9. Orbit type by energy sign
| Energy sign |
Orbit type |
Meaning |
| \(E<0\) |
Bound ellipse or circle |
The object stays gravitationally bound unless energy is added |
| \(E=0\) |
Parabolic escape |
The object just escapes with zero speed at infinity |
| \(E>0\) |
Hyperbolic/unbound trajectory |
The object escapes with leftover speed at infinity |
10. Summary formulas
| Goal |
Formula |
Use |
| Instantaneous kinetic energy |
\(K=\frac12mv^2\) |
Energy due to speed |
| Gravitational potential energy |
\(U=-GMm/r\) |
Energy relative to zero at infinity |
| Total mechanical energy |
\(E=K+U\) |
Energy used to classify bound or unbound motion |
| Circular orbit energy |
\(E=-GMm/(2r)\) |
Total energy for a circular orbit |
| Bound orbit energy |
\(E=-GMm/(2a)\) |
Total energy for any Keplerian ellipse |
| Specific energy |
\(\varepsilon=v^2/2-GM/r\) |
Energy per unit mass |
| Escape speed |
\(v_{\mathrm{esc}}=\sqrt{2GM/r}\) |
Speed where \(E=0\) |
11. Assumptions and limits
- The model uses Newtonian gravity.
- The central body is treated as spherical or point-like.

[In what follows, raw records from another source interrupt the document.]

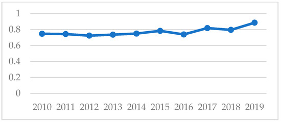 In this paper, the GDE in resource-based cities was measured using Model 5. The calculated GDEs during 2010–2019 are listed in Table A1 in Appendix A. Figure 2 shows the change in average GDE from 2010 to 2019. As can be seen in Figure 2, GDE showed a slow upward trend in fluctuations during 2010–2019, reaching a peak in 2019 at nearly 0.9. However, the overall GDE was relatively low in this period, at no more than 0.9. This suggests that although the green development performance in China’s 112 resource-based cities has been improved, there is still room for improvements in efficiency.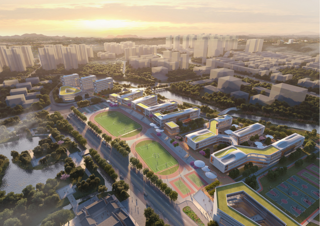 佛山新城未来学校位于顺德区乐从镇小布村,华发滨江府旁,占地36984.48㎡,规划按设计36个班,办学规模为1620人,预计将在2026年投入使用。近来敲定概念设计方案,目前仍在进行深化设计。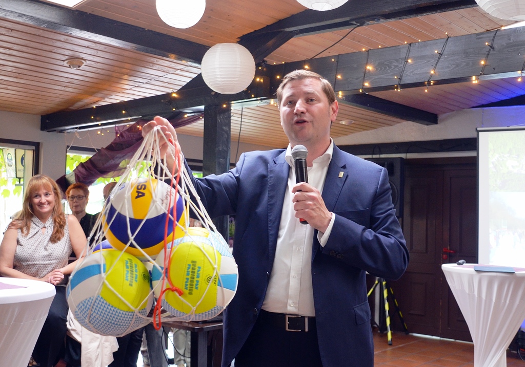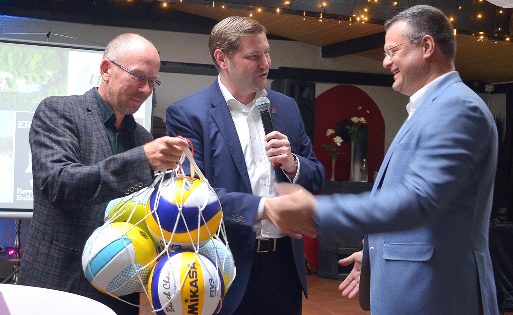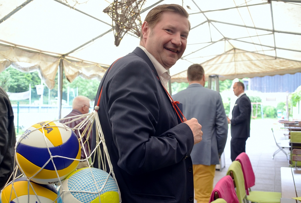 Mittlerweile finden auch andere sportliche Aktivitäten im Ittertal statt. Für künftige Beachvolleyball-Turniere übergab der OB an Thomas Czeckay, den Betriebsleiter der Freizeitanlage Ittertal, ein großes Netz mit neuen Bällen.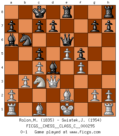 Last move : 0-1 2021 December 2 6:59:49 [Event "FICGS__CHESS__CLASS_C__000295"] [Site "FICGS"] [Date "2021.08.18"] [Round "1"] [White "Rolon,Maximiliano"] [Black "Swiatek,Janusz"] [Result "0-1"] [WhiteElo "1835"] [BlackElo "1954"] 1.e4 e5 2.Nf3 Nc6 3.d4 exd4 4.Nxd4 Nf6 5.Nxc6 bxc6 6.e5 Qe7 7.Qe2 Nd5 8.c4 Nb6 9.Nc3 Ba6 10.Qe4 Qe6 11.b3 O-O-O 12.Be2 Re8 13.f4 f5 14.Qc2 Bc5 15.Bb2 Be3 16.Bc1 Bd4 17.Qd3 c5 0-1 This chess game has been lost on time (started : 2021.08.18 9:20:59) Scotch : Mieses variation Queenside Castling by player Black (move 11) Player Black won this chess game. Follow this game move after move (download)White lost because he failed to remember the right continuation and had to think up the moves himself. (Siegbert Tarrasch) Es genügt nicht ein guter Spieler zu sein, man muß auch gut spielen. (Siegbert Tarrasch) El Ajedrez es parte de una cultura y si una cultura esta en decadencia, entonces también el Ajedrez declinará. (Mikhail Botvinnik) Même si vous avez un bon coup à faire, regardez toujours s'il n'y en a pas un qui lui soit préférable. (Pedro Damiano) If things go wrong, don't go with them. (Roger Babson)

- Atmospheric drag, thrust, and non-gravitational forces are ignored.
- The zero of gravitational potential energy is chosen at infinity.

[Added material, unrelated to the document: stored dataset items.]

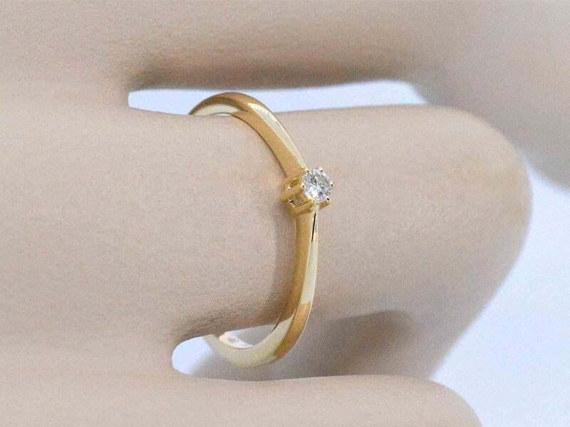 Product: Gouden ring solitaire met een briljant geslepen diamant Specificaties: Diamant: Natuurlijk Aantal: 1 stuk Slijpvorm: Briljant geslepen Gewicht (carat): 0.10 carat Kleur: F-G Zuiverheid: VS-SI Slijpkwaliteit: Zeer mooi Juweel: Ring Gewicht: 1.6 gram Ringmaat (op maat gemaakt*): 54 (17.25 mm) Materiaal: 14 karaat (585) Conditie: Nieuw Verpakking: Luxe sieradendoos Toelichting: De kwaliteit is overgenomen van het rapport behorend bij item. De waardebepaling is een beoordeling van een gecertificeerde diamantair, gebaseerd op consumentenprijzen. Consumentenprijs: € 1.418,-
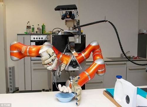 詹姆斯是一款PR2机器人,是由美国威罗加格公司制造的,该机器人可避开障碍物,往返于大门和煎锅之间。近日,詹姆斯与罗西“相识”,罗西是由德国慕尼黑工业大学研制的一款机器人,它将帮助推广普及个性化机器人设计。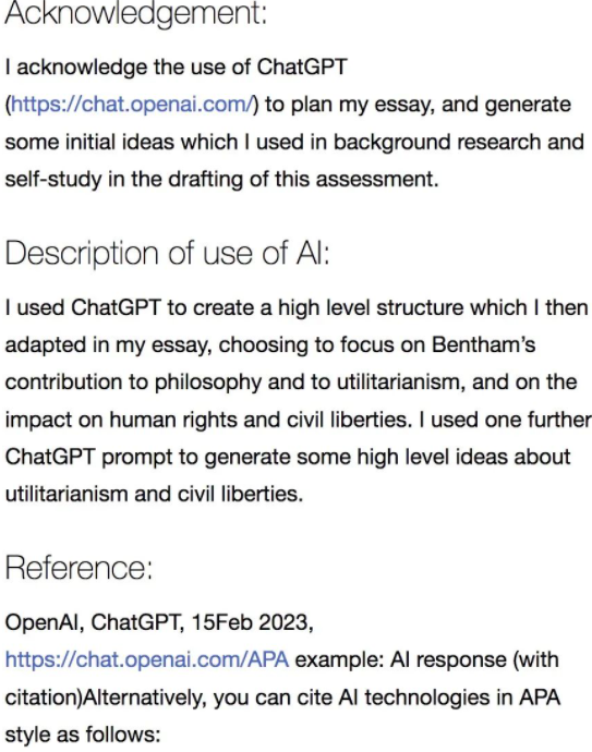 伦敦大学学院(UCL)甚至更新了其网站,说明学生如何使用ChatGPT来节省通常费力的书目、致谢和参考资料的时间。

- The formula \(E=-GMm/(2a)\) applies to ideal Keplerian bound orbits.
- Real spacecraft may need corrections for drag, thrust, oblateness, and perturbations from other bodies.
Key idea: orbital energy is negative for closed orbits because the object needs extra energy to escape to infinity.